Difficile, dans ce contexte, de se démarquer sur la qualité pour les dépositaires. Chacun cherche à se différencier en proposant toujours plus de services. Alors que la plupart des dépositaires sous-traitent euxmêmes le transport, CSP a décidé d'investir dans sa propre division transport, qui assure la livraison de la moitié des 90 000 tonnes de médicaments dont il a la charge chaque année. Pour l'instant, il couvre 50 % de la France avec ses propres véhicules. « En 2008, l'objectif est de monter à 70 % », indique Nicolas Baudry, le président du directoire de CSP.
Depolabo, quant à lui, met en avant sa force de vente, composée de 35 commerciaux et 17 correspondants officinaux. Ce dispositif lui permet d'aller de la promotion en passant par la distribution jusqu'à la facturation pour le compte du laboratoire. « Le mois dernier, nous avons lancé un service dédié aux médicaments OTC (sans ordonnance et non remboursés). L'objectif est d'aider les laboratoires au niveau de la présence dans l es of f ic ines » , annonce Francisco Munoz. Le dépositaire a également mis en place un centre d'appels pour donner et recevoir les informations, pour les prises d'ordres et pour l'e-mailing. « Le pur logisticien se transforme en prestataires de services multiples », commente Jacques Ambonville, le fondateur de la société de conseil HAM Consulting. Mais avec toujours en tête l'optimisation et la réduction de coûts, éléments essentiels de l'externalisation.

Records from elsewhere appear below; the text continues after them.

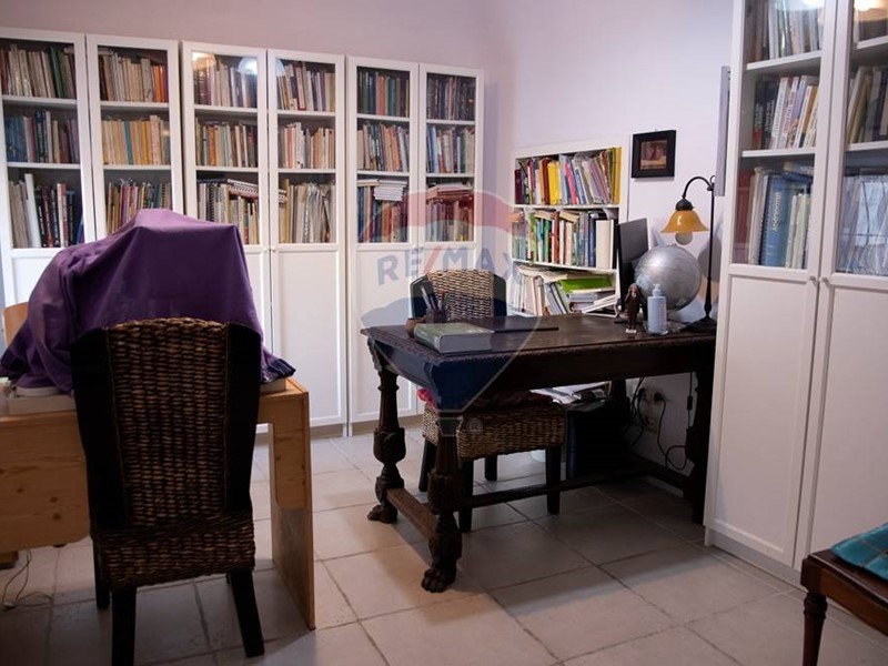 ampio disimpegno da cui si accede ad una sala biblioteca con vetrata e due bagni;
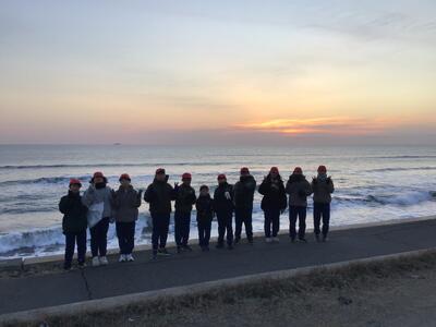 海岸は冷えた空気の中、子供たちは朝からみんな元気です。
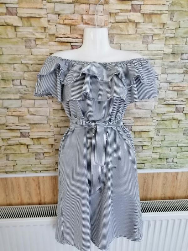 Летнее легкое платье туника сарафан в полоску с воланами открытые плечи с пояском
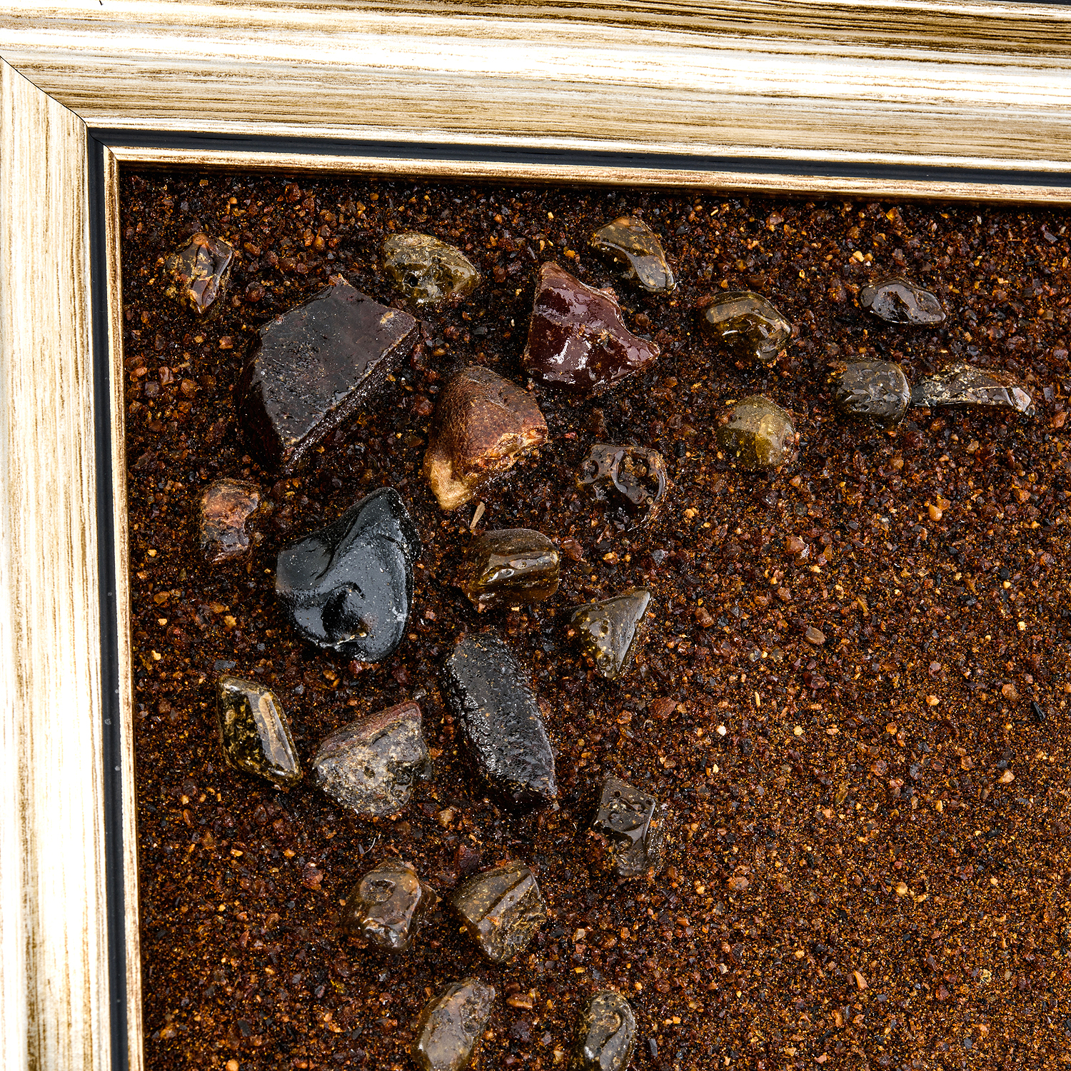 На холсте представлена художественная аппликация из камней и мелких частиц балтийского янтаря - чудодейственного натурального камня, называемого в народе "даром солнца". Природный минерал янтарь является отвердевший за десятки тысяч лет смолой хвойных деревьев. На формирование янтаря природа тратит более 40 тысячелетий. Энергия этого камня облагораживает интерьер.
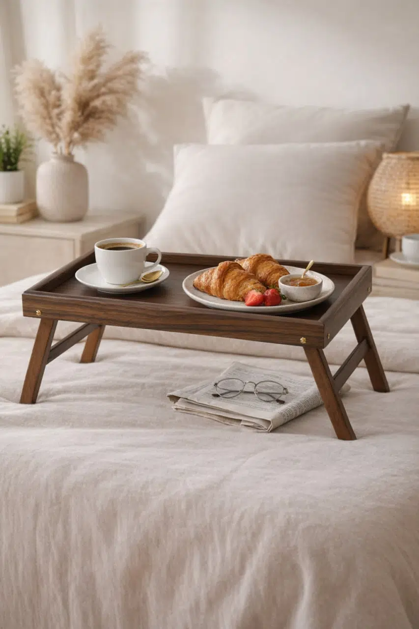 Kahvaltı tepsisi, yatak tepsisi, laptop sehpası ve sunum tepsisi olarak kullanım
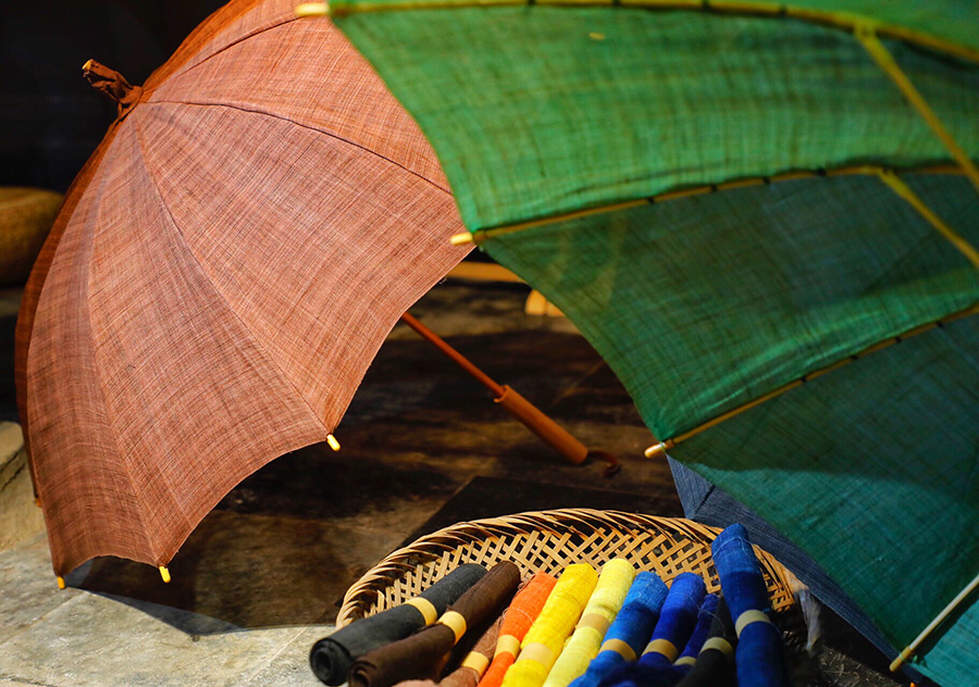 Umbrellas made of xiabu. [Photo by Jiang Dong/China Daily]
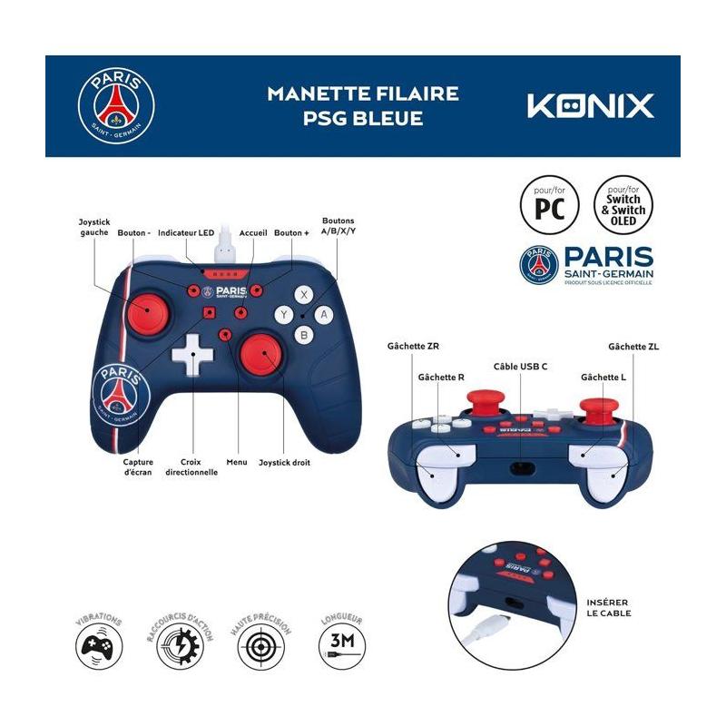 Manette de jeu - Nintendo Switch, Switch 2 et PC - PSG - Filaire - Bleu, blanc et rouge - Fonction vibration - Câble 3 m - Koni
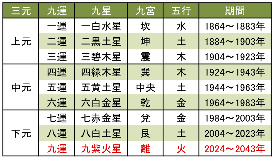 下の表を見ていただくとわかるとおり、2004〜2023年は八運でしたが、2024年の立春からは九運に入ります。ここで運が大きく変わっていくことになります。旧暦で見ますので、2024年の元日からでなく、節分から『九運に入る』というわけです」
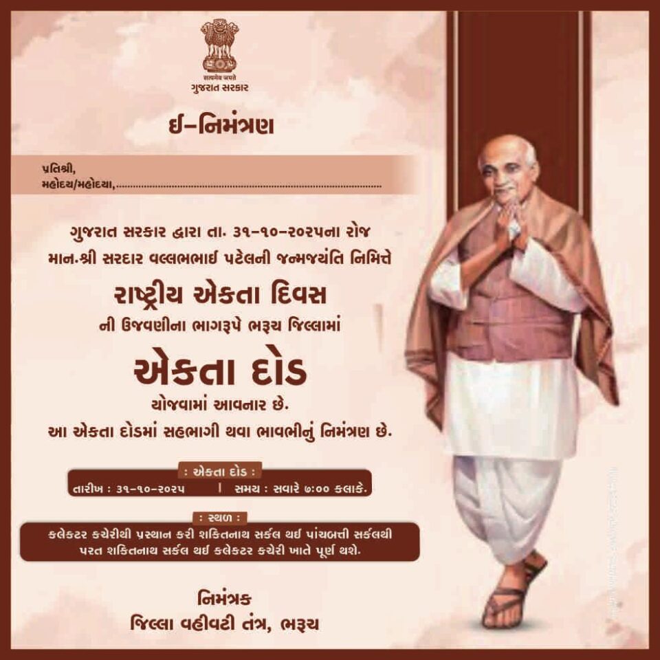 લોહપુરુષ સરદાર વલ્લભભાઈ પટેલની જન્મજયંતિ નિમિતે ભારતમાં દર વર્ષે તા.૩૧ ઓક્ટોબરે રાષ્ટ્રીય એકતા દિવસ ઉજવવામાં આવે છે.આ વર્ષે સરદાર વલ્લભભાઈ પટેલની ૧૫૦મી જન્મજયંતિના ભાગરૂપે ભરૂચ જિલ્લા વહીવટીતંત્ર દ્વારા “રન ફોર યુનિટી-૨૦૨૫” કાર્યક્રમનું આયોજન કરવામાં આવ્યું છે૩૧ ઑક્ટોબર, ૨૦૨૫ના રોજ, શુક્રવારના દિવસે, સવારે ૭:૦૦ વાગ્યે યોજાશે. “રન ફોર યુનિટી કાર્યક્રમનો પ્રારંભ કલેક્ટર કચેરી, ભરૂચથી થશે, જે શક્તિનાથ સર્કલ – પંચબત્તી સર્કલ થઈને ફરી કલેક્ટર કચેરી ખાતે સમાપ્ત થશે. તેમજ સરદાર વલ્લભભાઈ પટેલની જન્મ જયંતી નિમિત્તે “રાષ્ટ્રીય એકતા દિવસ” તરીકે ઉજવવા તથા પ્રતિજ્ઞા લેવામાં આવનાર છે. આ રાષ્ટ્રીય કાર્યક્રમમાં પદાધિકારીઓ, અધિકારીઓ, કર્મચારીઓ, ખેલાડીઓ, એનસીસી કેડેટ્સ, હોમગાર્ડસ, શાળાના વિદ્યાર્થીઓ, ભરૂચવાસીઓ તેમજ સર્વ રાષ્ટ્રપ્રેમી પ્રજાજન સહભાગી થાય તેમ જિલ્લા વહીવટીતંત્ર દ્વારા અનુરોધ કરવામાં આવ્યો છે.
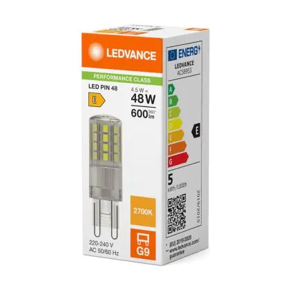 Die Ledvance LED Pin G9 Klar 4.5W 600lm - 827 Extra Warmweiß | Ersatz Für 48W ist eine effiziente G9 LED-Lampe und der perfekte Ersatz für Ihre konventionelle Halogenlampe mit W und einem G9-Sockel. Die Stifte haben einen Abstand von 9 mm. Zudem strahlt das Produkt Licht in der Farbtemperatur 2700K - Extra Warmweiß aus und punktet durch eine lange Lebensdauer.
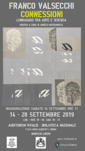 Sabato 14 settembre 2019, alle ore 11, si inaugura nella Sala Mostre dell’Auditorium Vivaldi della Biblioteca Nazionale Universitaria, in piazza Carlo Alberto 5, la mostra dedicata alla ricerca dell’artista Franco Valsecchi, intitolata «Connessioni. Linguaggio tra arte e scienza», a cura di Angelo Mistrangelo. Ospitata nel programma espositivo della Biblioteca Nazionale Universitaria, con l’Associazione Amici della Biblioteca Nazionale Universitaria, il patrocinio della Città di Torino e la fattiva collaborazione della Famiglia Valsecchi, l’esposizione si sviluppa attraverso 54 opere che documentano il percorso espressivo e l’intenso e interiorizzato linguaggio concettuale di Franco Valsecchi (Biella 1929-Torino 2015). Per questa occasione, vengono presentati i lavori dei cicli «Numeri trauma», «Mutazioni», «Io entità», «Genesi», «Situazioni», «Composizioni strutturali» e «Arte Psichica», che hanno riscosso nel tempo un ampio riconoscimento da giornalisti e critici d’arte come Giorgio Sebastiano Brizio, Claudio Cerritelli, Paride Chiapatti, Angelo Dragone, Albino Galvano, Francesco Prestipino, Franco Torriani.

Une implantation européenne indispensable

Nul prestataire ne peut ignorer que l'heure est à la rationalisation dans les grands laboratoires. Il ne suffira pas de proposer toujours plus de services. Pour rester dans la course, les entreprises de services logistiques seront obligées de couvrir une zone géographique plus large. Après ses deux sites principaux à Paris et à Clermont-Ferrand, CSP vient ainsi d'ouvrir un site en Belgique pour distribuer dans ce pays, au Luxembourg et aux Pays-Bas. La tâche n'est pas simple. Le cadre réglementaire varie d'un pays à l'autre, ainsi que le packaging et le conditionnement. Mais le premier sous-traitant qui sera présent sur l'ensemble des pays européens raflera la mise !

A. P.

« De nouvelles techniques de traçabilité »

Trois questions à Nicolas Baudry, président du directoire du logisticien CSP

Quelle est l'évolution de la logistique du médicament ?
En volume, la taille du marché n'a pas augmenté mais le type de médicament à transporter change. Sur le marché pharmaceutique global français, la croissance en 2007 a été de 4 % en valeur, tirée par les médicaments de spécialité. Ces produits représentent un volume faible mais des contraintes fortes de température, de sécurité...

Quelles sont désormais les contraintes des dépositaires ?
Chaque entreprise de logistique doit s'adapter à la complexité croissante des canaux de distribution (hôpitaux, grossistes, officines). En particulier, l'hôpital est en pleine réflexion pour rationaliser sa logistique. Le prestataire devra aussi évoluer vers les nouvelles techniques de traçabilité : le Data Matrix et la RFID.

Quel est le défi numéro 1 des acteurs français ?
Sans hésiter, l'internationalisation. Les grands laboratoires veulent diminuer le nombre de prestataires. Chaque sous-traitant doit être capable de proposer ses services dans plusieurs pays ou zones géographiques.